In a unanimous opinion released yesterday,1 the Supreme Court of Canada (Court) sank the federal government's attempt to create a national securities regulator. The Court ruled that the proposed Canadian Securities Act (Act),2 "as presently drafted", is ultra vires the federal government.
The eagerly anticipated decision follows a two-day hearing in April which pitted the federal government and the province of Ontario against the strong objections of other provinces (in particular, Québec and Alberta) in a battle over the constitutionality of the Act. The controversial legislation was unveiled in May 2010 and referred to the Court for an advisory opinion regarding its constitutional validity.
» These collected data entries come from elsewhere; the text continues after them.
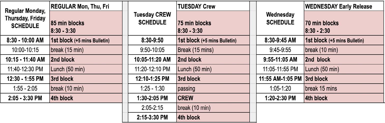 The school day starts at 8:30 a.m. and ends at 3:30 p.m, unless otherwise communicated. The daily schedule is based on 8 blocks of 85 minutes with alternating Day A and Day B.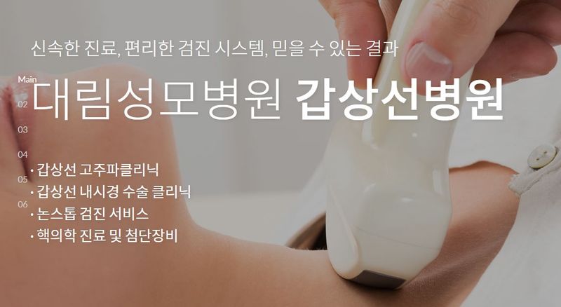 2005년 국내 종합병원 중 최초로 개소한 대림성모병원 갑상선병원은 갑상선외과, 내분비내과, 영상의학과, 핵의학과, 병리과 전문의들이 긴밀히 협진하며, 전문적인 치료를 제공하고 있다.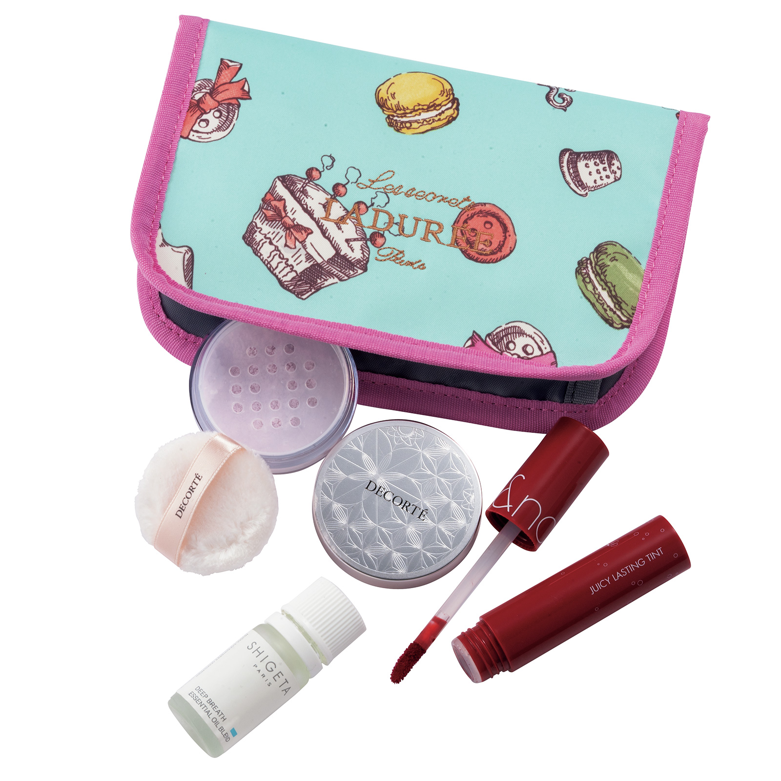 メイクよれ防止のコスデコのパウダーは必需品。SHIGETAのディープブレスは呼吸を整えてくれるお守りアイテム。ロムアンドのリップ16番はツヤ感がお気に入り。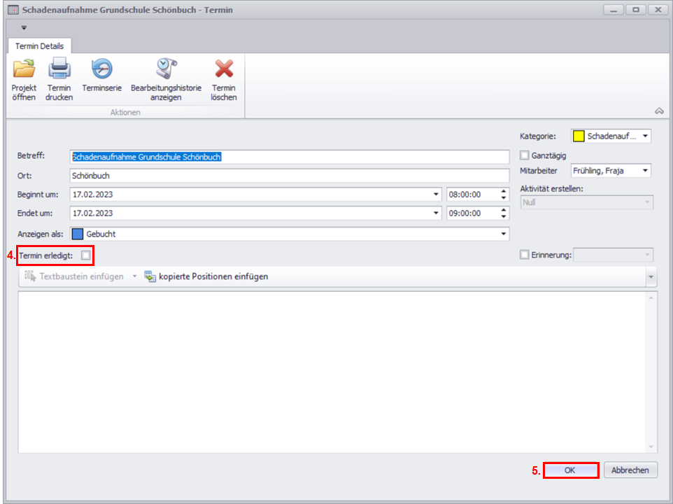 Setzen Sie im Feld Termin erledigt einen Haken.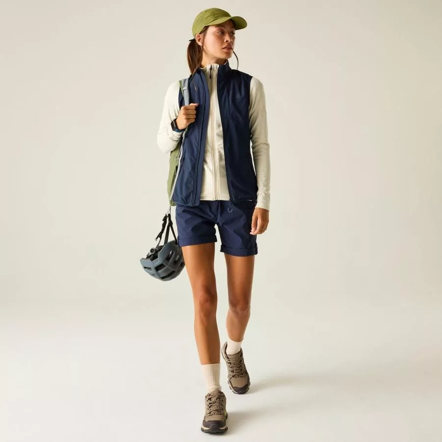 Ez a női technikai kabát könnyû, ultra stretch poliészter anyagból készült ripstop texturált panelekkel, ILUS Lite konstrukcióval. A rugalmas, alacsony súlyú kialakítás biztosítja a szabad mozgást, míg a szélálló panelek csökkentik a szélhûtést aktív használat során. A tartós vízlepergető bevonat és a kopásálló szerkezet megbízható teljesítményt nyújt változékony időjárási körülmények között.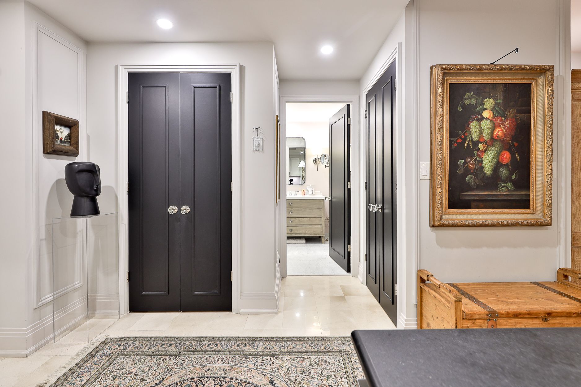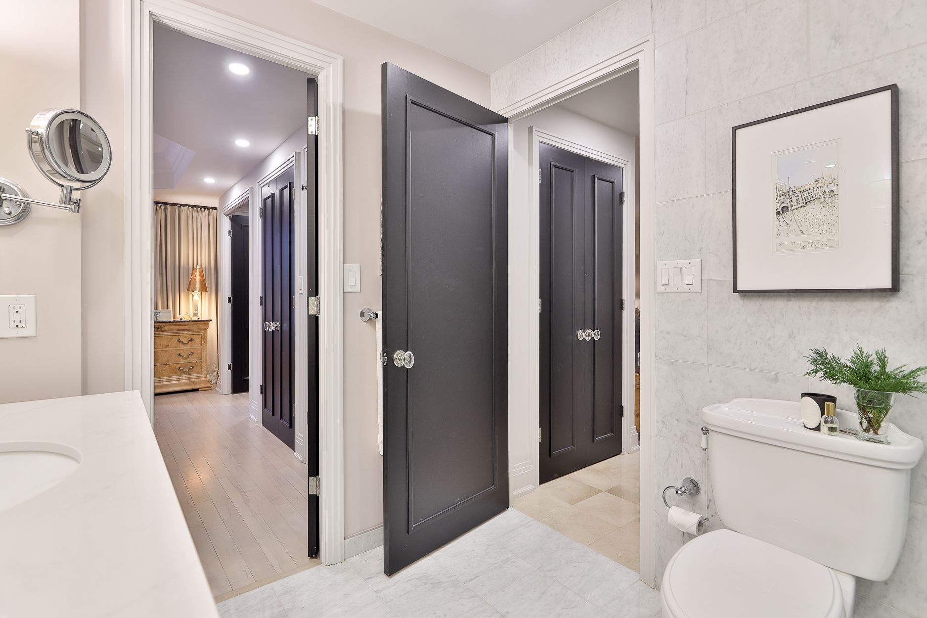 • Spa-inspired bathroom with high-end fixtures and elegant marble materials.

The federal Act has since weathered interim drubbings by the Courts of Appeal in Alberta and Québec, each of which held the Act to be unconstitutional in separate references heard earlier this year.3
The Supreme Court's decision reflects an application of established division-of-powers doctrine, ultimately determining that the Act does not fall within the federal government's general power to regulate trade and commerce under s. 91(2) of the Constitution Act, 18674 (the Constitution Act) and instead overreaches into the jurisdiction of the provinces to legislate in relation to "property and civil rights".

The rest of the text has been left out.